§ **TASK**
In full and word for word, copy the listing; no pictures belong in the copy.

§ **SUPPLIED RECORDS**
▽
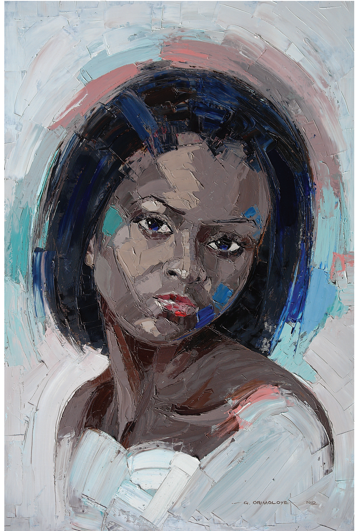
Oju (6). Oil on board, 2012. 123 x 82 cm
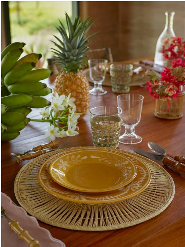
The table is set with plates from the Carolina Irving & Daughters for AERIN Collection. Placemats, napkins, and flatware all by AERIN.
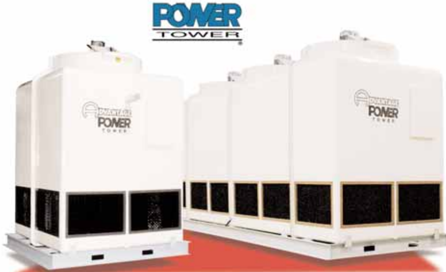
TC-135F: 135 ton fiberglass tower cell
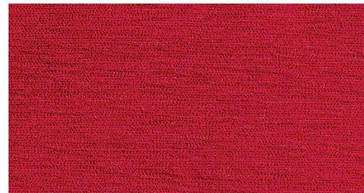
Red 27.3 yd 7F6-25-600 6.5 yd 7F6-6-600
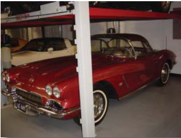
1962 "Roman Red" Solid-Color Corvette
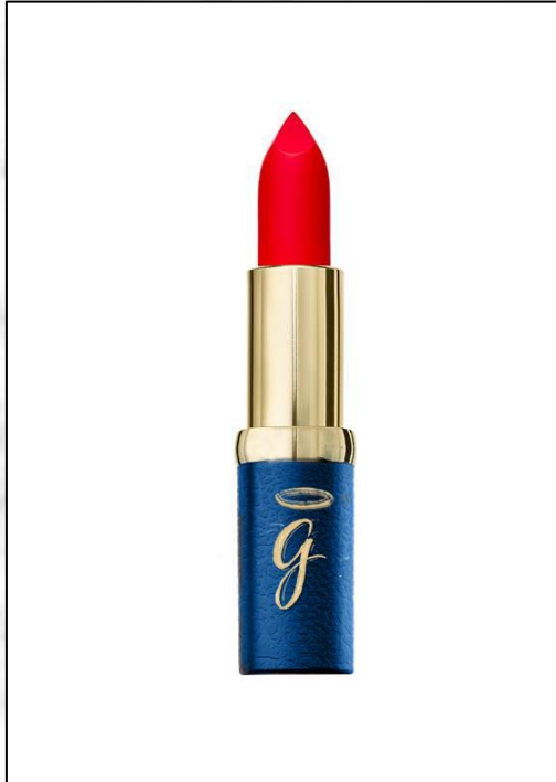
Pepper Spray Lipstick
△
§ **ANSWER FOR THIS EXERCISE**
Oju (6). Oil on board, 2012. 123 x 82 cm
The table is set with plates from the Carolina Irving & Daughters for AERIN Collection. Placemats, napkins, and flatware all by AERIN.
TC-135F: 135 ton fiberglass tower cell
Red 27.3 yd 7F6-25-600 6.5 yd 7F6-6-600
1962 "Roman Red" Solid-Color Corvette
Pepper Spray Lipstick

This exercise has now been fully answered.